What needs to be done → Below are entries; repeat exactly, and nothing else, the lines from the one holding "Flor de Estampa" through the one holding "Hangtown Motocross Classic", inclusive. Leave the pictures out.

Extracted records →
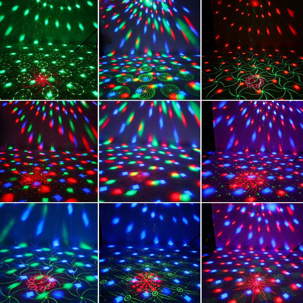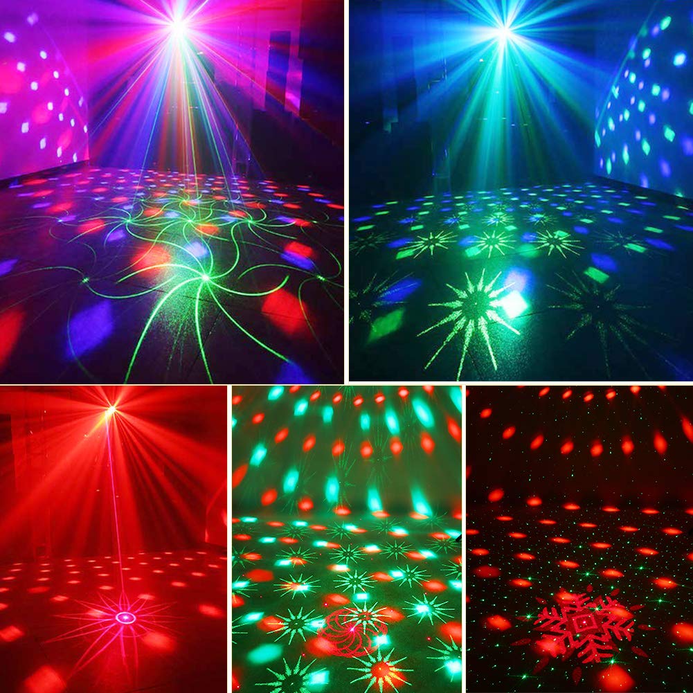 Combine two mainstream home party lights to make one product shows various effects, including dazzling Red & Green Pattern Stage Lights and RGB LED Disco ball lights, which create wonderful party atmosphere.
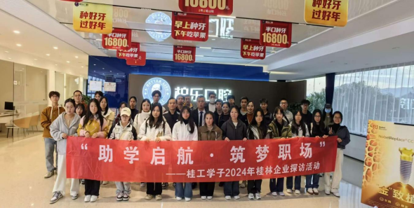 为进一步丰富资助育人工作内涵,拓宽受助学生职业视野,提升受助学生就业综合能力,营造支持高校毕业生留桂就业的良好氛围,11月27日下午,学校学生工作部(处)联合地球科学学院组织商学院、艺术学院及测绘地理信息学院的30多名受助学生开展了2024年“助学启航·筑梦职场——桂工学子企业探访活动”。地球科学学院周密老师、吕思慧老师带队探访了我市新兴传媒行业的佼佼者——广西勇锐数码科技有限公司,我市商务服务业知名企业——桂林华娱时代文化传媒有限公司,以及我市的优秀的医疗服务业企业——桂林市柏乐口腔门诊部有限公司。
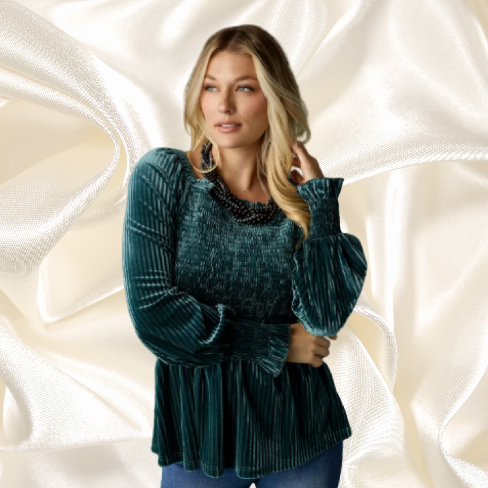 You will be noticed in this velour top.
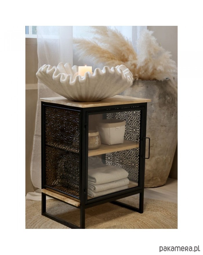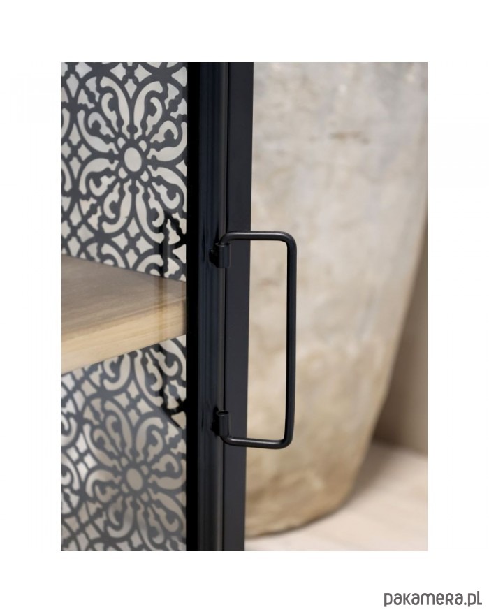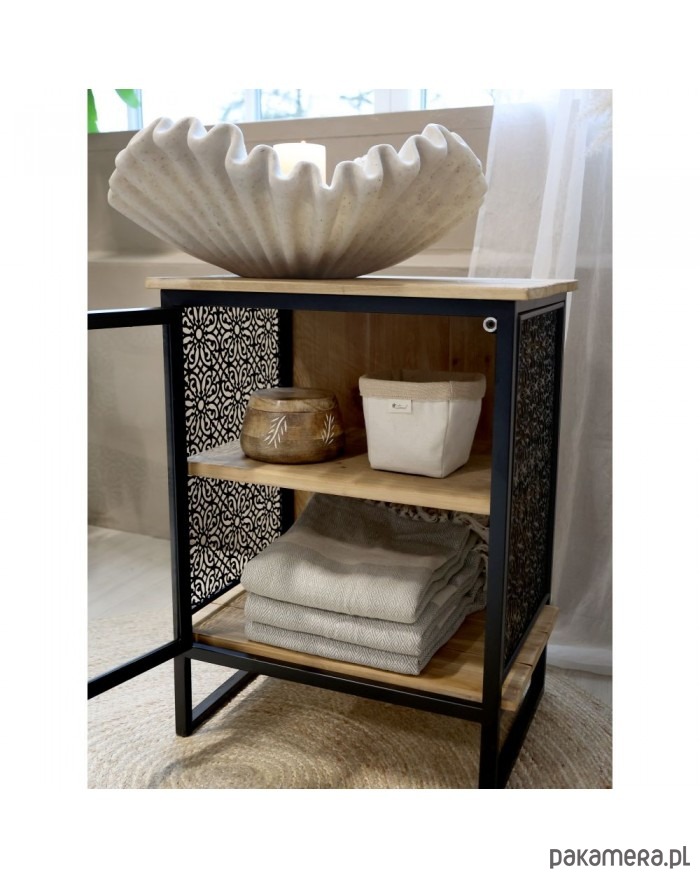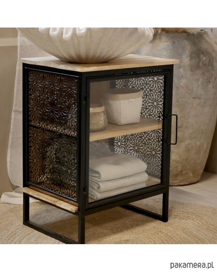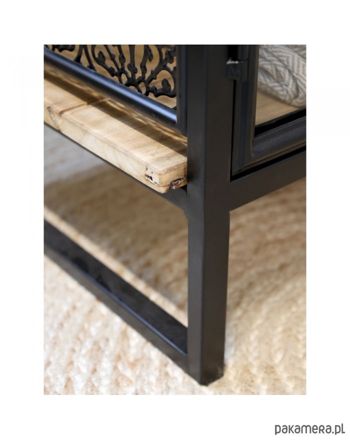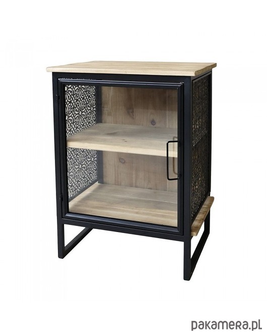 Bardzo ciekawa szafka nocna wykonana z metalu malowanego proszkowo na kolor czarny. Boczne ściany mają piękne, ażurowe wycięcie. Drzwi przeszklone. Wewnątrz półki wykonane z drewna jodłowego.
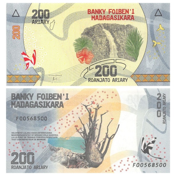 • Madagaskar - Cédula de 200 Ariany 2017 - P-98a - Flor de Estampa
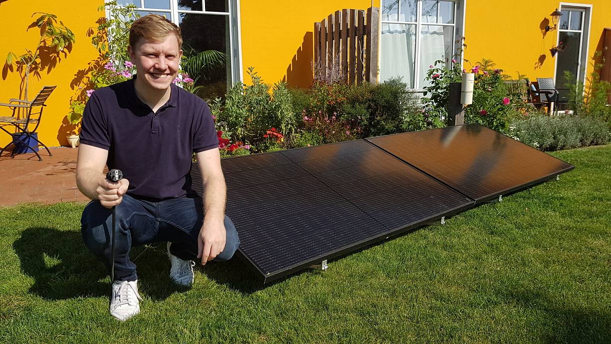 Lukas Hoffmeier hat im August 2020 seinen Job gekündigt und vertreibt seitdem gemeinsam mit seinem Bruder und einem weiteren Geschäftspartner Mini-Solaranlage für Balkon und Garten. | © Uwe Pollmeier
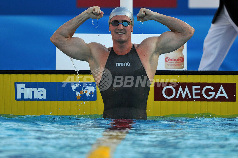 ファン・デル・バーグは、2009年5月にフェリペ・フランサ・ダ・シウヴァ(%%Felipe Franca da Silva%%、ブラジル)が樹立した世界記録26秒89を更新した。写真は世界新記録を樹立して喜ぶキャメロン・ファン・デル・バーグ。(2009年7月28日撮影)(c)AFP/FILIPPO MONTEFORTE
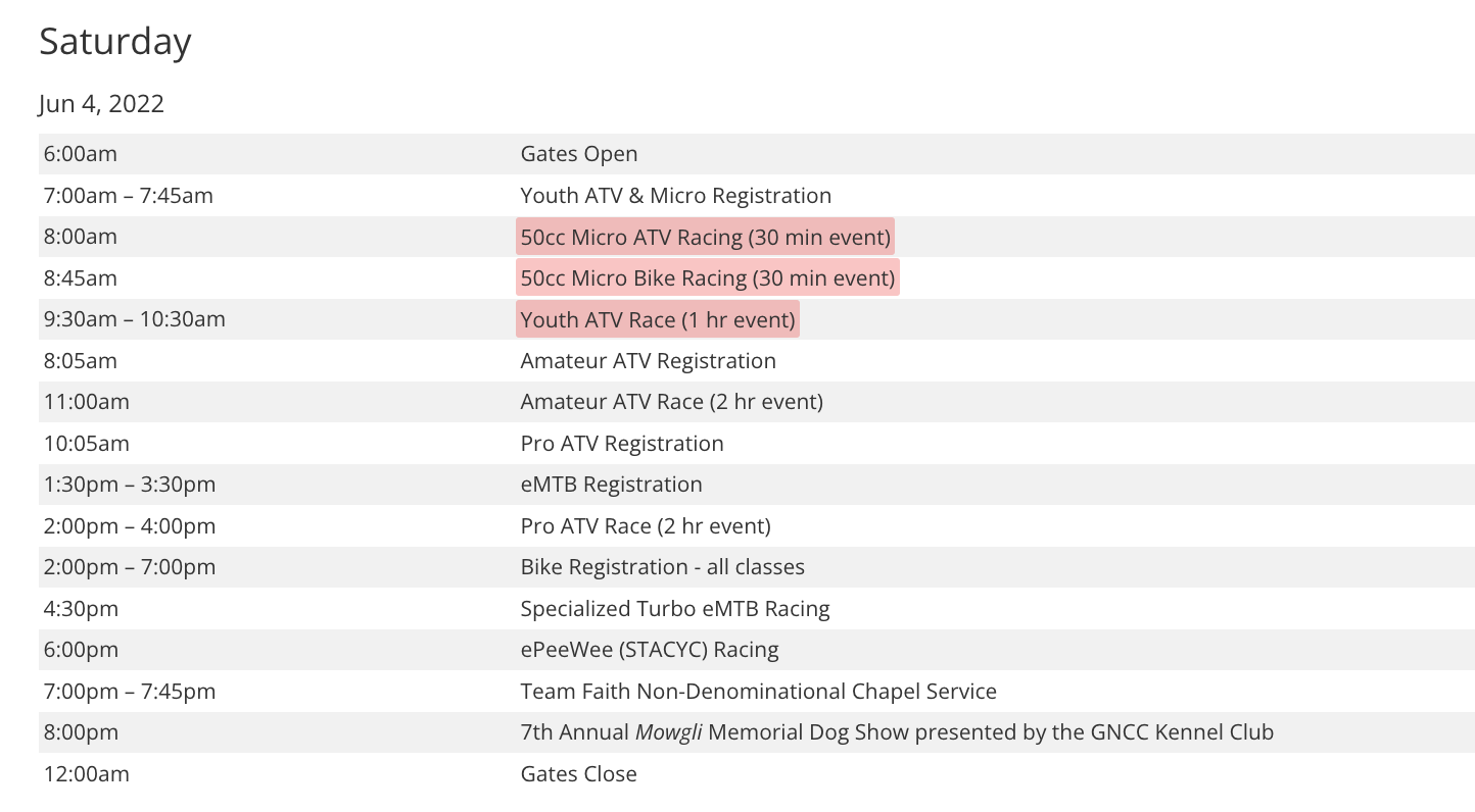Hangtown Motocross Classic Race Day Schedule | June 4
--
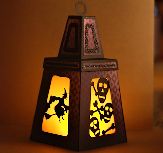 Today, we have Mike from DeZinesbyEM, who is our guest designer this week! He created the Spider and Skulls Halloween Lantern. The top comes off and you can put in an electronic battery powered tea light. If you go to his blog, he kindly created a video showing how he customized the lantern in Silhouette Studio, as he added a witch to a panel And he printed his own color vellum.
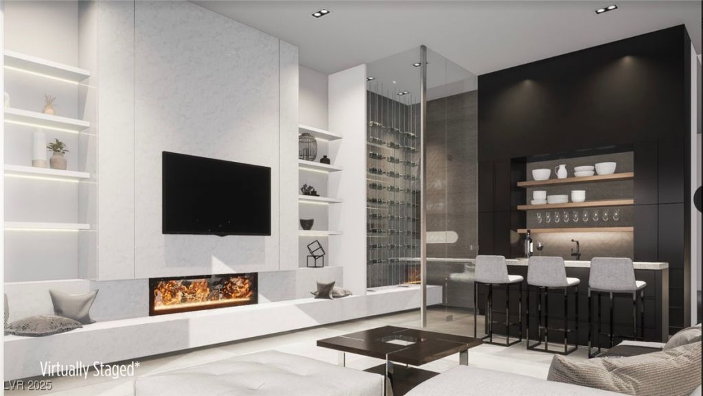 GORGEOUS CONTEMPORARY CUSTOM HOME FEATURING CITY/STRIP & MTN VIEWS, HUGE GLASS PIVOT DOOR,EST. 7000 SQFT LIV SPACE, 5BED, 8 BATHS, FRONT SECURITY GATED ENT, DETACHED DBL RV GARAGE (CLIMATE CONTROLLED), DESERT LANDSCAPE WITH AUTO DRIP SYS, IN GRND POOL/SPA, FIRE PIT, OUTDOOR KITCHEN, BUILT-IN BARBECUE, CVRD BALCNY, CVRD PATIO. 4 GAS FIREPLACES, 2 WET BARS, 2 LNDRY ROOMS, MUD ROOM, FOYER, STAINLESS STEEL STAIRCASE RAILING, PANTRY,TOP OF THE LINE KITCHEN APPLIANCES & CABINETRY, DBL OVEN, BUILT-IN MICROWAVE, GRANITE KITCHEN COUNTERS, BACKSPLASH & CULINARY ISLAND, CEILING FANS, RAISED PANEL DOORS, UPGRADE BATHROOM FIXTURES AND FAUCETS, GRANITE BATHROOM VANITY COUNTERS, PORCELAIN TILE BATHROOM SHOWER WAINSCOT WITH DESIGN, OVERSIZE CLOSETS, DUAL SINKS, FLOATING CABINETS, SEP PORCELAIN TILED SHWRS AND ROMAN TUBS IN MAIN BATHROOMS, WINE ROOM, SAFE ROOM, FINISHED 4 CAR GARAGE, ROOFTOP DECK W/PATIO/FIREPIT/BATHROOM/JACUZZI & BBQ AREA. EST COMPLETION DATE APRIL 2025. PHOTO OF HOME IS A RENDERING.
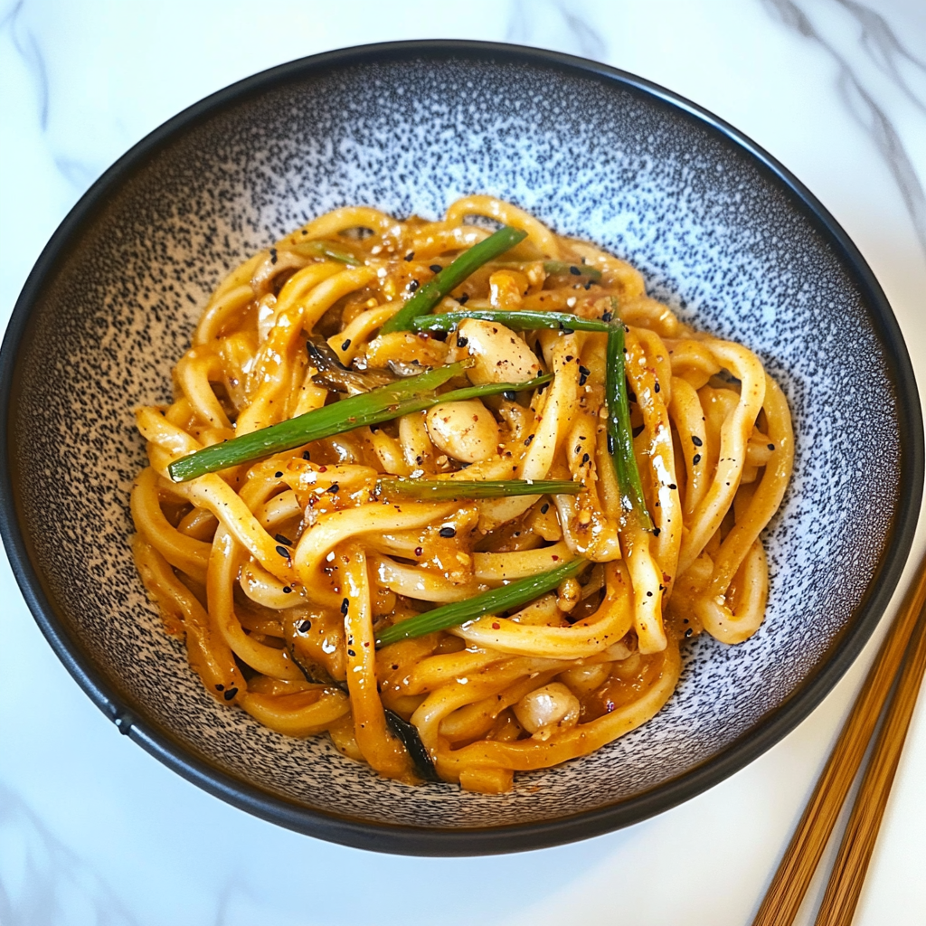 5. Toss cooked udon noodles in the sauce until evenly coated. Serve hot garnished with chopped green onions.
* * *
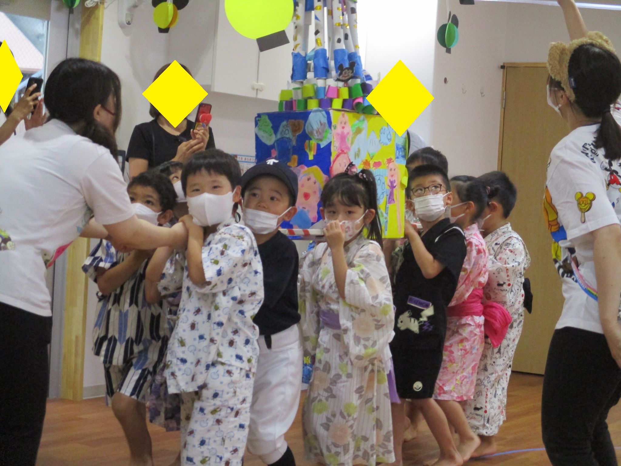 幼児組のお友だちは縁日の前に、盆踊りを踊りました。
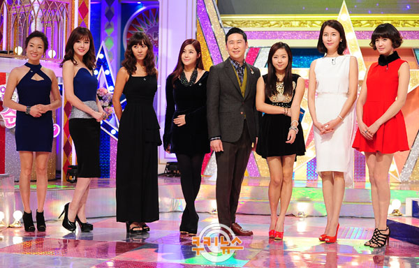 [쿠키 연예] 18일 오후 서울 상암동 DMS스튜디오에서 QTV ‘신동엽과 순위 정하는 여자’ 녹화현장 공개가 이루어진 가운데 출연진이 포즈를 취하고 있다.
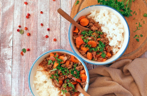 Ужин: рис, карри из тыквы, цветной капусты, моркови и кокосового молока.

Answer to this task →
 • Madagaskar - Cédula de 200 Ariany 2017 - P-98a - Flor de Estampa
 Lukas Hoffmeier hat im August 2020 seinen Job gekündigt und vertreibt seitdem gemeinsam mit seinem Bruder und einem weiteren Geschäftspartner Mini-Solaranlage für Balkon und Garten. | © Uwe Pollmeier
 ファン・デル・バーグは、2009年5月にフェリペ・フランサ・ダ・シウヴァ(%%Felipe Franca da Silva%%、ブラジル)が樹立した世界記録26秒89を更新した。写真は世界新記録を樹立して喜ぶキャメロン・ファン・デル・バーグ。(2009年7月28日撮影)(c)AFP/FILIPPO MONTEFORTE
Hangtown Motocross Classic Race Day Schedule | June 4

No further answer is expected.